__To do__. Copy the listing exactly as given. Omit every picture.

__Recorded information__.
<<<<

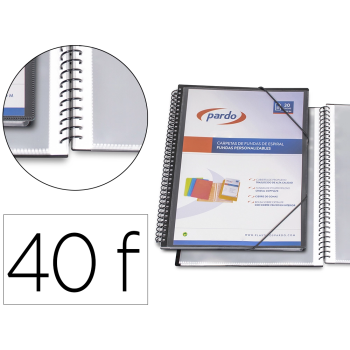Pardo Carpeta Escaparate con Espiral 40 Fundas Folio Personalizable Color Negro
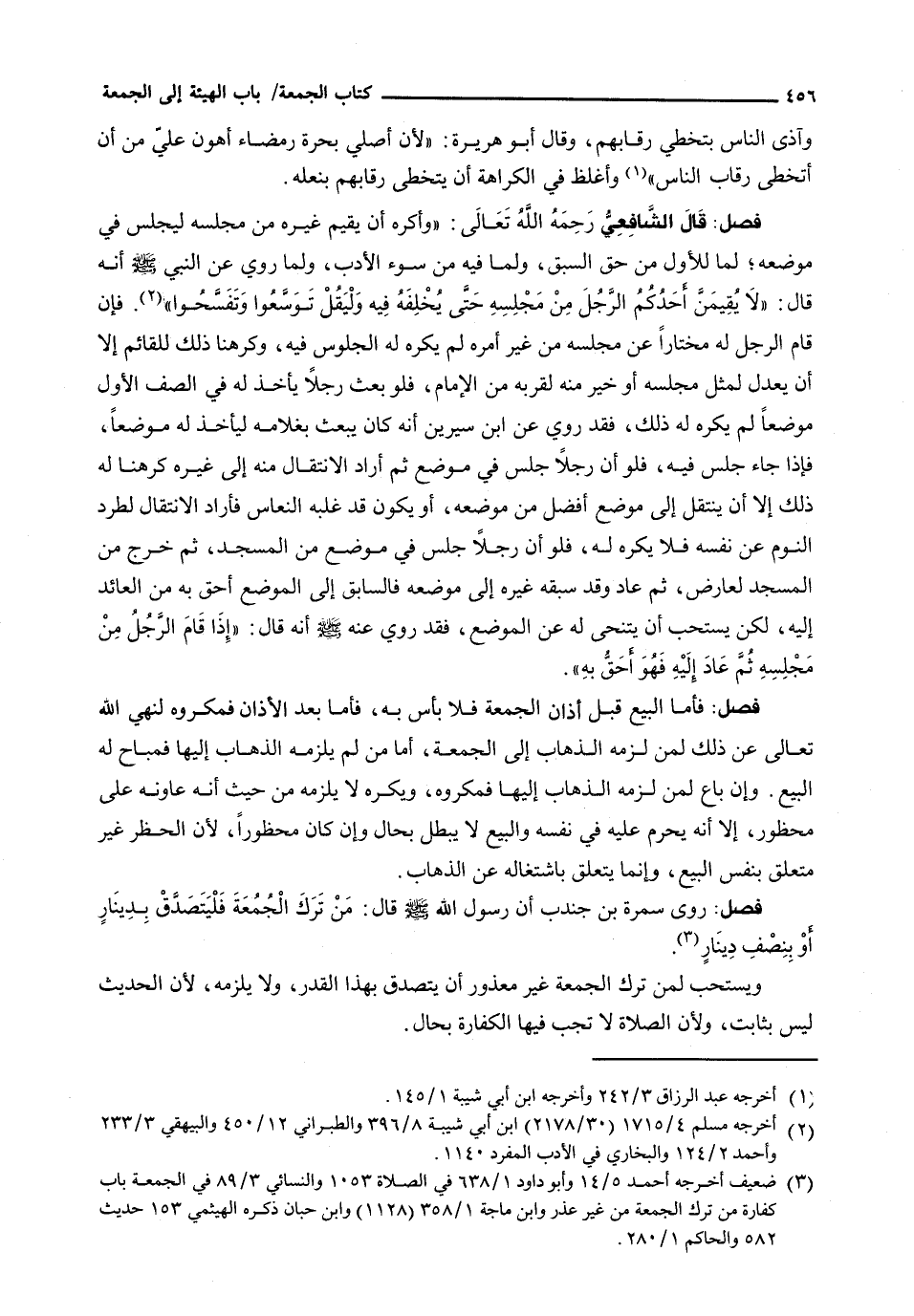 وَآذَى النَّاسَ بِتَخَطِّي رِقَابِهِمْ، وَقَالَ أَبُو هُرَيْرَةَ: " لَأَنْ أُصَلِّيَ بِحَرَّةٍ رَمْضَاءَ أَهْوَنُ عَلَيَّ مِنْ أَنْ أَتَخَطَّى رِقَابَ النَّاسِ " وَأَغْلَظُ فِي الْكَرَاهَةِ أَنْ يَتَخَطَّى رِقَابَهُمْ بِنَعْلِهِ.
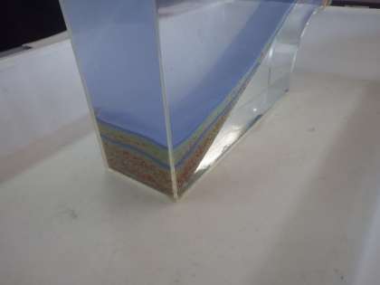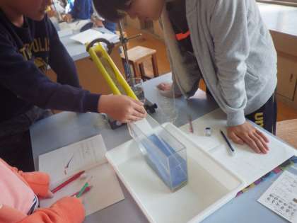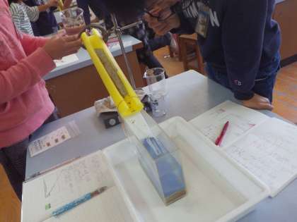 今日は「カラーサンド」という砂を使って,地層のでき方を調べました。水で流し込むと大きな茶色い粒が先に沈み,細かい青い粒が後から沈んでいく様子が観察できました。その後,長い年月の間,押し固められた「礫岩,砂岩,泥岩」を観察しました。
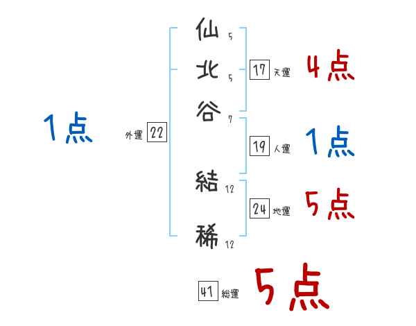 外運![]() | 仙北谷結稀さんの外運は22画の1つ星!努力することが苦手ないっぽう手先が器用。芸術性にも優れる。 生活面を象徴する運勢です。外部から受ける影響力を表し、結婚運、家庭運や職場、環境への順応性を表します。 |

>>>>

__Solution for this problem__.
Pardo Carpeta Escaparate con Espiral 40 Fundas Folio Personalizable Color Negro
 وَآذَى النَّاسَ بِتَخَطِّي رِقَابِهِمْ، وَقَالَ أَبُو هُرَيْرَةَ: " لَأَنْ أُصَلِّيَ بِحَرَّةٍ رَمْضَاءَ أَهْوَنُ عَلَيَّ مِنْ أَنْ أَتَخَطَّى رِقَابَ النَّاسِ " وَأَغْلَظُ فِي الْكَرَاهَةِ أَنْ يَتَخَطَّى رِقَابَهُمْ بِنَعْلِهِ.
 今日は「カラーサンド」という砂を使って,地層のでき方を調べました。水で流し込むと大きな茶色い粒が先に沈み,細かい青い粒が後から沈んでいく様子が観察できました。その後,長い年月の間,押し固められた「礫岩,砂岩,泥岩」を観察しました。
 外運![]() | 仙北谷結稀さんの外運は22画の1つ星!努力することが苦手ないっぽう手先が器用。芸術性にも優れる。 生活面を象徴する運勢です。外部から受ける影響力を表し、結婚運、家庭運や職場、環境への順応性を表します。 |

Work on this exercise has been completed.